俺は何もしていない。やつに銃弾を打ち込んだのはタクマ、今はもう居ないタクマだ。今ここには俺一人。非力で馬鹿な俺一人だ。

あの時、俺はただ運転席に座ってハンドルを潰れるほど強く握りしめていただけだった。そんな俺に何が出来る……?

俺は右の腕に渾身の力を込めた。それはむしろ前脚と言っていい、不恰好で短い無用の長物だった。何でもいい、やつから身を守る。この糞使えない腕で頭を守る。


原因は何だったのかーー追跡者から逃げたい怖いと思うあまりに身体を仰け反り、そのために胴体の肉がほんの僅かに引き上げられたからだろうかーーともかく右腕は解き放たれた。全体重を受けてその一部しか外側に出せていなかった右腕は、押さえつけるものが無くなった瞬間、蓄積された力が一気に解放されて前方に飛んだ。
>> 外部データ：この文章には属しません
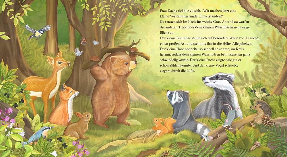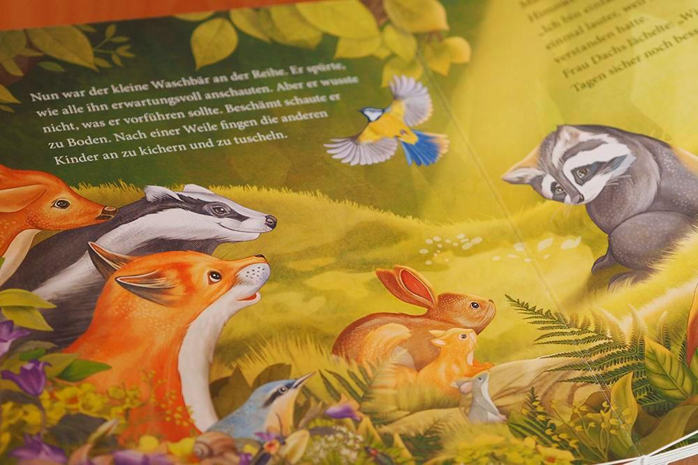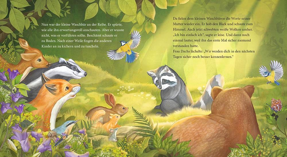 Ein Mutmach-Bilderbuch von Lea Käßmann mit liebevoller Zusage für die Kleinsten: »Du bist gut, so wie du bist.« Mit außergewöhnlich schönen, farbenfrohen Illustrationen von Jana Walczyk. Für Kinder ab 2 Jahren. Der kleine Waschbär ist ängstlich und unsicher: Alle anderen Kinder im Waldkindergarten konnten am ersten Tag etwas ganz Tolles zeigen: Der Hase hoppelte so schnell, dass einem nur beim Zusehen schwindelig wurde. Und der kleine Bär hat einen ganzen Baumstamm hochgehoben. Nur dem kleinen Waschbär fiel nichts ein, was er besonders gut kann.Zum Glück trifft er auf dem Nachhauseweg den kleinen Fuchs. Zusammen balancieren sie über hohe Äste und glitschige Steine. Als der kleine Fuchs am nächsten Tag davon berichtet, schauen alle den kleinen Waschbären voller Bewunderung an. Und der merkt: »Wahrscheinlich kann jeder irgendwas besonders gut. Man muss nur ein bisschen mutig sein, um es herauszufinden.«

そこには奇しくも追跡者の頭部があった。やつの頭はこの激烈な衝撃を受けて果実のように破裂し、頸部は断裂。頭蓋は明後日の方向に飛散した。


「立ち上がれひかりのゆうしゃよ!」

カイの声が聞こえたような気がする。勘違いかもしれない。

恐怖の対象が一瞬のうちに失われた事で行き場に困った歪な心が静かに震えていた。その感覚は高揚感にも似ていた。